Further, according to The Times, the British security services are investigating whether Henning's kidnappers were given a tip-off from one of the aid convoy members. In addition, according to the Sun newspaper, "investigators" are looking into claims that "Jihadi John", the British ISIS terrorist featured in hostage beheading videos, arrived in Syria on one of Al-Fatiha's convoys.
Such an investigation leaves open the possibility that the gulf between ISIS and the ideology which drives these aid convoys may not be so wide, after all.
By denouncing ISIS, extreme Islamist groups can, by comparison to ISIS, shore up their credentials as "moderates." The media in Britain have praised these aid convoy charities, and extremist groups that were formerly ostracized, such as the Muslim Council of Britain, have now been embraced by Jewish community organizations.
The East London Mosque, as another example, regularly provides a platform to extremist preachers. Abdul Qayyum, the mosque's chief Imam, is a signatory to the Istanbul Declaration, which calls for terrorist attacks on British troops and Jewish communities around the world. One newspaper, however, recently printed a puff piece about the East London Mosque, which extolled the mosque's supposed stand against the radicalization of Muslim youth.
One letter condemning ISIS authored by "British Muslim leaders" included prominent politicians, shadow cabinet ministers and counter-extremism advisors as signatories.
Their co-signatories, however, included extremists and representatives from groups such as:
  • The World Association of Muslim Youth, a Saudi youth organization, which various government agencies and officials have accused of sponsoring terrorism in places such as Bosnia and Israel.
  • Muslim Hands, a charity that has funded groups run by the terror group Hamas. Muslim Hands' chairman, Musharaf Hussain, stated in 2010 that it is a "wise cause" to fight non-believers "because they are tyrants," and encouraged Muslims to "take part in this jihad."
  • Dawatul Islam, a group established by Chowdhury Mueen-Uddin, a wanted war criminal in Bangladesh.
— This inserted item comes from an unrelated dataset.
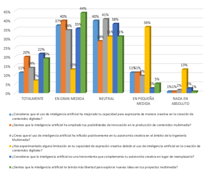 Un temor que ha nacido debido al auge y potencial de las herramientas de inteligencia artificial dentro de las áreas que hacen parte de la ingeniería multimedia se encuentra en que sí estas podrían estar limitando la capacidad creativa de los estudiantes del pregrado, lo cual influiría de forma negativa en sus aptitudes para innovar y poder expresarme de forma creativa al momento de estructurar y desarrollar contenidos digitales. De forma neutral, los datos recabados por la encuesta que están relacionados con el aspecto antes señalado permiten disipar en buena medida el temor a un papel de la inteligencia artificial cómo limitante de la autonomía creativa en los estudiantes del pregrado en ingeniería multimedia de la Universidad Simón Bolívar sede Cúcuta durante el semestre académico 2023-2. Sin embargo, como se evidencia en 5igura 4 es interesante observar cómo existe cierto escepticismo de la muestra respecto a asegurar que no han experimentado limitaciones en su creatividad al momento de usar herramientas de inteligencia artificial, puesto que un 50% de las respuestas a la pregunta ¿Has experimentado alguna limitación en tu capacidad de expresión creativa debido al uso de inteligencia artificial en la creación de contenidos digitales? se concentran en las opciones que se clasifican cómo NEUTRAL, EN GRAN MEDIDA, y TOTALMENTE (en estas dos últimas opciones en menor medida). Además, en las preguntas ¿Consideras que la inteligencia artificial es una herramienta que complementa tu autonomía creativa en lugar de reemplazarla? y ¿Sientes que la inteligencia artificial te brinda más libertad para explorar nuevas ideas en tus proyectos multimedia?, los porcentajes que se ubican en las opciones NEUTRAL, EN PEQUEÑA MEDIDA y NADA EN ABSOLUTO son 44% y 37% respectivamente (claro está que en las últimas dos opciones en muchísima menor medida). El escepticismo mencionado puede entenderse cómo el resultado de la simplificación de procesos que permiten las herramientas de inteligencia artificial en el desarrollo de contenidos digitales, ya que en varios casos el resultado final de un contenido no dista mucho de ser diferente al output que generó la IA, incluso puede que el ingeniero multimedia en formación, simplemente, haya retocado el contenido generando cambios muy mínimos. Sin embargo, hay que tener cuidado en caer en una generalización, ya que también se presentan casos en que si bien el contenido realizado por el estudiante mantiene cierta relación con el output que generó la herramienta, al comparar ambos se podrá evidenciar diferencias sustanciales que demostrarán la capacidad creativa del estudiante y la originalidad del contenido. Otro escenario que se puede contemplar, es que en ocasiones los ingenieros multimedia en formación usan estas herramientas con el propósito de vencer bloqueos creativos o generar piezas que les sirvan de inspiración al momento de desarrollar contenidos digitales, por lo que en relación a los outputs o respuestas de la herramienta, el contenido generado puede no guardar semejanza alguna. No obstante, hay que recalcar que la opción NEUTRAL solo demuestra escepticismo que puede catalogarse cómo inseguridad al momento de que algunos individuos de la muestra decidieran si respondían de forma positiva o, por el contrario, de forma crítica a las preguntas mencionadas, por lo que si se despreciara el porcentaje que pertenece a dicha opción, podríamos observar que el panorama es más positivo que crítico, puesto que, el 48% de la muestra responde EN GRAN MEDIDA y TOTALMENTE a la pregunta ¿Consideras que el uso de inteligencia artificial ha mejorado tu capacidad para expresarte de manera creativa en la creación de contenidos digitales?, el 60% de la muestra responde EN GRAN MEDIDA y TOTALMENTE a la pregunta ¿Sientes que la inteligencia artificial ha ampliado tus posibilidades de innovación en la producción de contenidos multimedia?, y el 48% de la muestra responde EN GRAN MEDIDA y TOTALMENTE a la pregunta ¿Crees que el uso de inteligencia artificial ha influido positivamente en tu autonomía creativa en el ámbito de la Ingeniería Multimedia?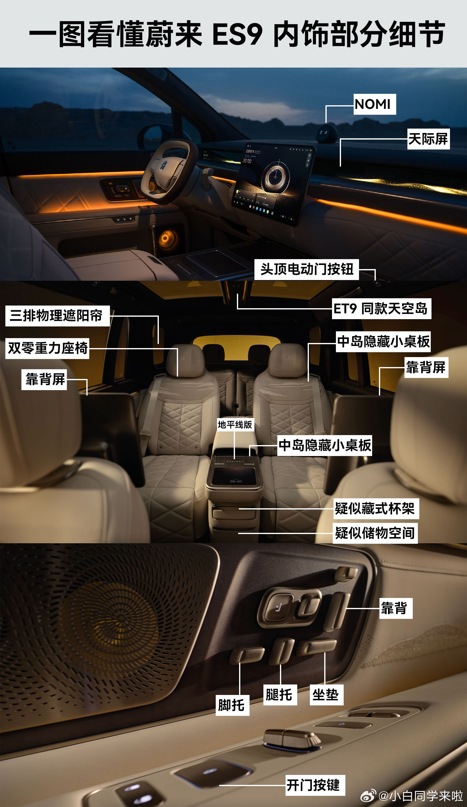 不泄密的情况下带大家看看蔚来 ES9 的内饰部分细节。

In November 2013, the Bangladeshi War Crimes Tribunal sentenced Mueen-Uddin to death for his role in the abduction and murder of 18 journalists and intellectuals while he led the Al-Badr killing squad.
  • Rizwan Hussein, a presenter for the Islam Channel, a British television station that in 2010 was censured by the public watchdog for promoting violence against women and advocating marital rape. The channel has also broadcast advertisements for a collection of speeches by the late al-Qaeda leader, Anwar al-Awlaki.
A number of writers have criticised the seemingly dogged requests made upon British Muslim groups to condemn ISIS. Are these Muslim groups, then, blamable if they do and blamable if they don't?
It remains entirely possible for the most prominent British Muslim organizations to condemn ISIS vocally and also to reject extremism. The much-persecuted Ahmaddiyah community's recent demonstrations against ISIS are proof of that. But when the British Islamist preachers Haitham al-Haddad, who describes Jews as "apes and pigs", and Shakeel Begg, who describes jihad as the "greatest of deeds", recently issued an appeal for ISIS to release their hostages, critics would have perhaps shown greater enthusiasm for their intervention if they had also renounced their earlier extremist statements.
The problem with an intense focus on violent extremism abroad is that it can distract the West from the equally dangerous problem of the "moderate" Islamists now in our own back yards.